Octopus: Sam Israel, The Secret Market, and Wall Street’s Wildest Con by Guy Lawson (New York: Crown Publishers, 2012). (TS-3) (MAM-3). I first heard about the Octopus power elite conspiracy from parapolitical researcher Kenn Thomas and later from open source intelligence advocate Robert David Steele. Octopus resurfaces in this biography of Bayou Group hedge fund founder Samuel Israel III who had $US117 million in debts and trading losses. Israel attempts to enter a purported high-yield bond debt ‘secret market’ involving the Rothschilds and other elite banking families. The first third of the book deals with Bayou’s Ponzi scheme; the second with how Israel becomes ensnared with conspiracy theorist Robert Booth Nichols; and the third with the fallout involving international prime bank fraud. This is a cautionary tale of multiple cons and marks; the ‘medial’ conspiracy netherworld; and the failure of reality-testing. Israel might have benefited from Mark Schindler’s Rumors in Financial Markets: Insights Into Behavioral Finance (Hoboken, NJ: John Wiley & Sons, 2007) (TS-4) and Jeffrey A. Winters’ Oligarchy (Cambridge: Cambridge University Press, 2011) (TS-4).

 

The New Machiavelli: How to Wield Power in the Modern World by Jonathan Powell (New York: Vintage, 2011). (TS-3). Jonathan Powell was Tony Blair’s Chief of Staff from 1994 to 2007. The New Machiavelli is a defence of applied Machiavellian realpolitik from The Prince and The Discourses that draws on Powell’s unpublished diaries and his political administration experiences.
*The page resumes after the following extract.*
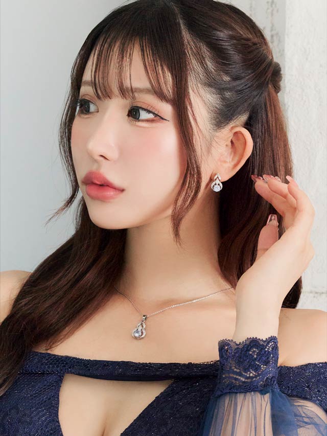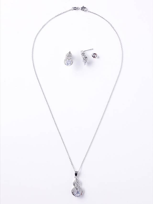 リーフモチーフ中央で輝きを放クリスタルが印象的なネックレス&ピアスセット。大粒なデザインで洗練された女性らしい印象をプラスします◎ カジュアルにもフォーマルにも幅広いシーンで身に着けられるアイテムです♪

Powell discusses the Blair Government’s rise-to-power; Cabinet, Chancellery, and Civil Service negotiations; the importance of multi-stakeholder decision-making and strategic thinking; and how the Blair Government dealt with Europe, geopolitical crises, scandals, and war. For Powell, Blair was a leader who benefited from both Fortuna and also from heeding Machiavelli’s insights about people, persuasion, and leadership. For a comparative analysis of Machiavellian leadership and statecraft in the contemporary era see Carnes Lord’s The Modern Prince: What Leaders Need To Know (New Haven: Yale University Press, 2003) (TS-3) which considers states, regimes, elites, and the various levers of national power (such as economics, diplomacy, force, intelligence, education, and strategic culture). Jeffrey Pfeffer’s Power: Why Some People Have It – And Others Don’t (New York: HarperCollins, 2010) (TS-3) considers power in organisational culture and leadership.

 

Wait: The Useful Art of Procrastination by Frank Partnoy (New York: Public Affairs, 2012). (TS-3). Partnoy is the George E. Barrett Professor of Law and Finance at the University of San Diego and a former investment banker at Morgan Stanley. Wait examines evidence and insights from diverse sources—sport, high-frequency trading, neuro-marketing, information economics, and fighter pilot training—that delaying our decisions can give us situational and strategic advantages. This book is pitched at a Malcolm Gladwell audience but with more substantive research and interviews. Partnoy introduces ideas that have become very influential in their fields, such as George Akerlof’s ‘market for lemons’, and John Boyd’s OODA loop (observe, orient, decide, act) which is situated in Grant T. Hammond’s The Mind of War: John Boyd and American Security (Washington DC: Smithsonian Institution, 2001) (TS-4). The late Amos Tversky and Daniel Kahneman’s work on cognitive biases and decision heuristics is detailed in Kahneman’s Thinking, Fast and Slow (New York: Penguin Books, 2011) (TS-1) (MAM-1).

 

Willpower: Why Self-Control Is the Secret to Success by Roy F. Baumeister and John Tierney (New York: Penguin, 2011). (TS-3) (MAM-3). Baumeister is the Francis Eppes Professor of Psychology at Florida State University. Willpower is the first popular account of Baumeister’s influential research program into emotional self-regulation, self-control, cultivating will, and the danger of ego depletion: perhaps the key to world-building. Baumeister and Tierney discuss current psychological research on will; the design of personal productivity tools; decision heuristics; self-help programs; parenting; dieting; and other topics. This is a gateway to academic research by Baumeister, Kathleen D. Vohs and others about self-control and experimental social psychology — where the insights and writing can surpass Tierney’s journalistic account here.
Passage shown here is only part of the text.